Word around the floor this morning was that expectations were for another bloody day of lower prices, as following on from yesterday the spec funds were expected to batter prices once again.
Funds turned up with near 1000 contracts to sell between Dec, March and May, so it was with some surprise that prices opened around unchanged.
As the re-open came and saw some higher levels, it became clear that there had indeed been quite a degree of trade export business overnight, and the resultant commercial hedging early took prices up some 90 points in December.
Another early factor was that without the constant bear spreading from the index funds ( with the GSCI roll officially over yesterday ) the Dec gained a lot of ground on March, and as the day progressed this became more alarming with the Dec / march spread narrowing from near 400 yesterday back to around 325 by the close.
Trade continued as a heavy outright buyer of December, to the stage where many were wondering if there may emerge a strong stopper of the December contract.
What is more likely is that today's spreading found a liquidity hole without the GSCI rolls.

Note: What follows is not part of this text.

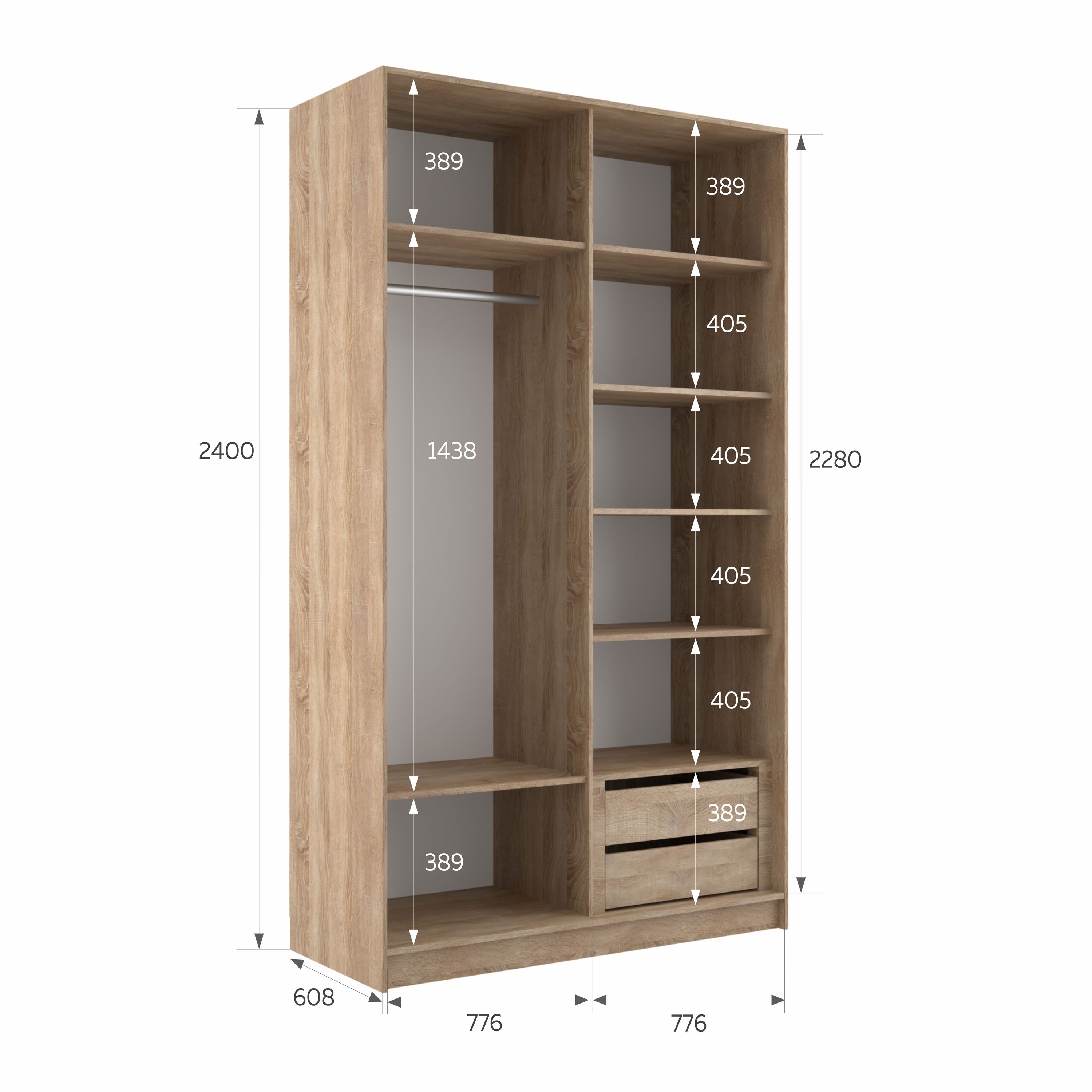 Отзывы о Столплит Шкаф-купе Эста Зеркало+Зеркало 160х66х240 Дуб Бардолино

As a result the December finished with solid gains of 77, whilst the March settled 5 points lower. Estimated volume was again very large at 47,000 lots.
Tuesday's traditional spec hedge report will be delayed until tomorrow morning. Whilst the CFTC report on Friday indicates a spec position which is lessshort week on week ( CFTC futures only—14.7 percent), with December options expiration and a lot of in the money puts exercising, there is a likelihood that spec shorts even further reduced having had short in the money puts exercise against short futures.